Катя мысленно улыбнулась – сделан еще один, пусть и маленький шажок по проникновению в жизнь Железнова. Еще вчера она не могла и надеяться на это.
Вчерашнее утро началось с того, что она без предварительного звонка (чтобы не нарваться на вежливый отказ ввиду занятости) неожиданно завалилась в кабинет к Железнову. Если бы ее спросили – зачем – она, скорее всего, не смогла бы ответить. Вернее, не захотела бы никому отвечать на этот вопрос. Сама-то она знала – зачем. Ей просто захотелось увидеть Железнова, понять, «как он там» после бессонной ночи, а если уж быть совсем честной перед собой – то «как бы невзначай» дотронуться до него. А то, что ночью Железнов так и не заснул, Катя знала совершенно точно – ей самой не спалось, и она неоднократно имела возможность убедиться через монитор своего компьютера в том, что всю ночь Железнов просидел на кухне втроем: он, чашка кофе и сигарета. А если быть совсем искренней, то нужно признать, что вчетвером – судя по отсутствующему взгляду Железнова, там, у него на кухне незримо присутствовала, более того, была главным действующим лицом Мария Азарова – именно ее звонки и sms выбили Железнова из колеи. Наблюдая за Железновым, Катя подумала, что вот она – скрытая сторона гордыни Железнова – ему явно хреново от нахлынувших мыслей, но он меньше всего хотел бы, чтобы Азарова знала бы о том, какую реакцию в нем вызвали ее звонки и сообщение. С его точки зрения для Азаровой все должно было выглядеть так, что Железнов просто не захотел разговаривать с ней и не счел необходимым отвечать на ее письмо – она же определила, что он ей не пара. Вот и пусть общается с кем-то другим… Кому она этого не говорила.

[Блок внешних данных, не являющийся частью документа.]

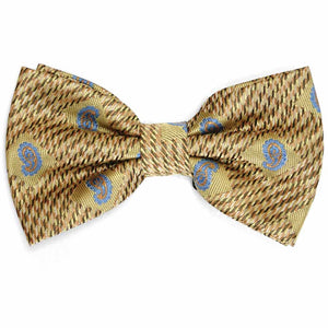 Make a statement with this gold paisley bow tie. Made from heavyweight woven material. Great for a bold, everyday look. The bow tie is pre-tied with a band collar that expands to fit most adults.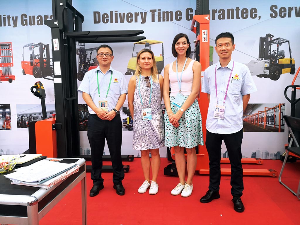 作為廣交會的資深參展商,牛力機械已連續十多年參展廣交會,每年都會給全球客商帶來各類產品的展示,有手動搬運車、升高車、電動叉車、高空作業平臺、取料機、柴油叉車等產品。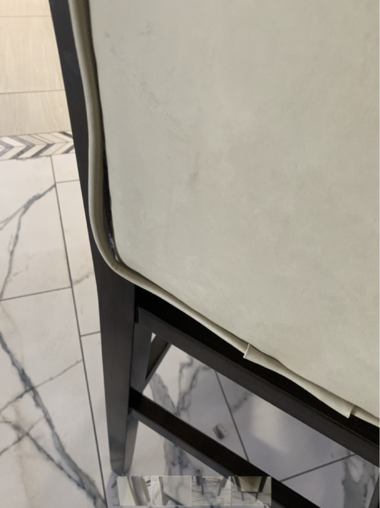 | Reattached welt on chairs and made sure welt was secure. Installed cambric on bottom of all chairs. Issues resolved, job complete. |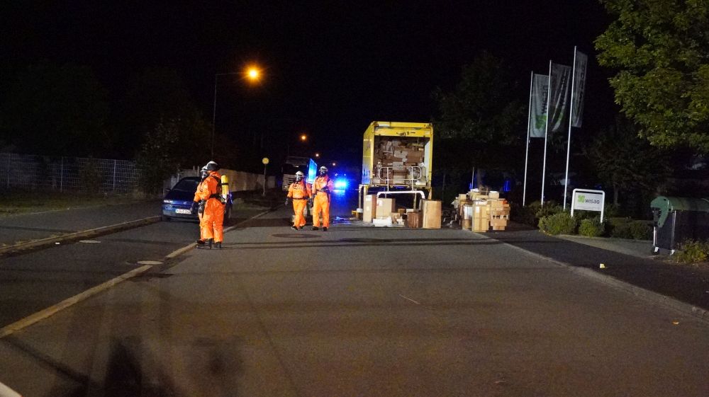 Kassel – Am späten Mittwochabend gegen 23.20 Uhr kam es zu einem Gefahrguteinsatz in der Antonius-Raab-Straße in Kassel-Waldau. Der Fahrer hatte sich selbst bei der Feuerwehr gemeldet, weil er auf der Ladefläche seines LKW eine auslaufende unbekannt Flüssigkeit bemerkte. Die Feuerwehr musste den nicht mit Gefahrgut gekennzeichneten LKW zunächst unter Schutzanzügen teilweise entladen um an den auslaufenden Behälter heranzukommen.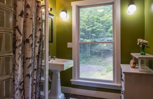 The downstairs full bathroom features a full-size tub for a relaxing bath after a day of hiking, the Epsom-salts will be here waiting for you. The upstairs full baths shower features walls of patterned glass brick for the ultimate light-flooded yet completely private shower experience.

Особой радости у Железнова появление Строевой не вызвало:
– Ааа… Это ты, привет. У тебя что-то срочное? Подожди, мы сейчас договорим – Железнов кивнул в сторону Наума.
– Няма, я ничего не понял. Давай еще раз, – Катя женским взглядом отсканировала Железнова, пытаясь отыскать последствия бессонной ночи: «Тщательно выбрит… узел галстука – идеален… отглажен, как всегда… обувь – начищена, ни пылинки, как будто только что из магазина… В общем, брутальность во всем… кроме глаз. Да, глаза выбиваются из общей картины. Нет, не потерянные, а очень уставшие. Глаза человека, уставшего от борьбы с самим собой».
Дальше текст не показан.